Great job on the Open no matter how it shakes out


----------



## Gwen Jones (Jun 19, 2004)

Just had a call from Mark Ingram with these results
Open
1st #9 Bull Gator Stevie O'Connell
2nd #37 Ragin Max Steel Tammy bell
3rd #15Dominators Duke of Turrell Lou McGee/Charlie Moody
4th #36 Low Country Porky John Kabbes
RJ #4 Blackwaters Black Molecule Keith Pharr
Jams 1,10,23,26,34,47,and a question if the last number was #27

Am to the 4th series

8.10,11,14,16,19,20,23,24,26,30,34,40,43, 14dogs


----------



## RF2 (May 6, 2008)

Qualifying to the 4th:
1, 6, 9, 11, 14, 15, 17, 20, 21, 24, 26. 

11 dogs.


----------



## L Magee (May 12, 2005)

Gwen, #27 was in the 4th series of the open........Mark was reading from my book and my bad writing......not his fault....


----------



## JusticeDog (Jul 3, 2003)

Gwen Jones said:


> Just had a call from Mark Ingram with these results
> Open
> 1st #9 Bull Gator Stevie O'Connell
> 3rd #15Dominators Duke of Turrell Lou McGee/Charlie Moody
> ...


Congrats Tammy! How exciting!


----------



## Sue Kiefer (Mar 4, 2006)

Anyone with "Q" results ?
Thanks!
Sue


----------



## BonMallari (Feb 7, 2008)

just heard from Lanse, Rosa got a JAM in the amateur and World Famous She Male Emasculator (Nora ) got a 2nd, as previously mentioned she wont be three till next month

Congrats Lanse, being able to show up with 4 AA dogs, must be REAL SWEET..well done pal


----------



## mjcrow (Oct 19, 2007)

big thanks to all workers paul sletten who help set up and marshall the Open friday while jesse ran the dogs, dave kress, lanier fogg and all the other who helped at Open and Am. the Open and AM judges did a great job with test and call backs. other than the brief storm saturday and the rain this morning very enjoyable weekend


----------



## cakaiser (Jul 12, 2007)

Paul Sletten doesn't just help, he runs the entire Open along with Jeff Horsley. You can't get better help than that. 
A huge burden off the shoulders of burned out and tired amateurs.
Paulie, you won't read this, but you are the best. A true professional.

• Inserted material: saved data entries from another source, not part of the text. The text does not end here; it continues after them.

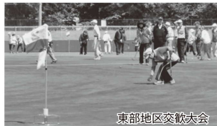
東部地区交歓大会
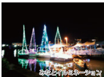
みなとイルミネーション
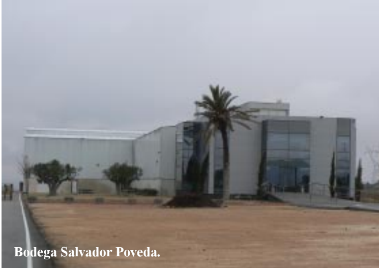
Bodega Salvador Poveda.

Thanks to all who helped in any way, you are very appreciated.


----------



## TBell (Apr 1, 2004)

JusticeDog said:


> Congrats Tammy! How exciting!


Yes, Susan, I am so proud. You probably know it's Rusti's son and trained by yours truly.

Much thanks to those of you who helped out during the trial. Tommy Fairchild who is always willing to help and shoot even in the rain, Dave Kress, Lanier Fogg, Erik Gawthorpe, Allen Dillard, and Dick Kaiser.

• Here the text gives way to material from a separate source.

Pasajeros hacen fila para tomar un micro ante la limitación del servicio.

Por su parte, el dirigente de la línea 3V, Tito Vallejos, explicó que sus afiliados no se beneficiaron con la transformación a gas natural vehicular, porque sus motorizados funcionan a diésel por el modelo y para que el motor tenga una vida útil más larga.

Paul Sletten was a joy and great help volunteering his weekend and equipment to make the Open run smoothly. North Alabama club also thanks those who shot flyers whose names aren't mentioned. It was a very enjoyable trial thanks to all of you!


----------



## JusticeDog (Jul 3, 2003)

TBell said:


> Yes, Susan, I am so proud. You probably know it's Rusti's son and trained by yours truly.


Yep, I remember!  And I know you lost Rusti's mom recently. So this had to be a sweet placement for many, many reasons! 

You deserve the success!


----------



## TBell (Apr 1, 2004)

WOW! You are very much in the know, Susan!

I know yours are having some pups now too, and it is special when they are out of your own breedings. 

Max is out of Rusti who is out of Magic who recently passed away one month shy of her sweet 16th birthday which would have been today. HRCH Magic MH was out of Split SH, the first competition lab I bought for my husband's birthday, both wonderful hunting dogs. I guess that makes Max fourth generation of our lab family!

It is VERY special.....


----------



## EdA (May 13, 2003)

Congratulations to Lou Magee and FC-AFC Dominator's Duke or Turrell for winning the Amateur and qualifying for the 2011 National Amateur Retriever Championship, judges Larry Anderson and Mark Ingram provided challenging tests that separated dogs through attrition, well done guys!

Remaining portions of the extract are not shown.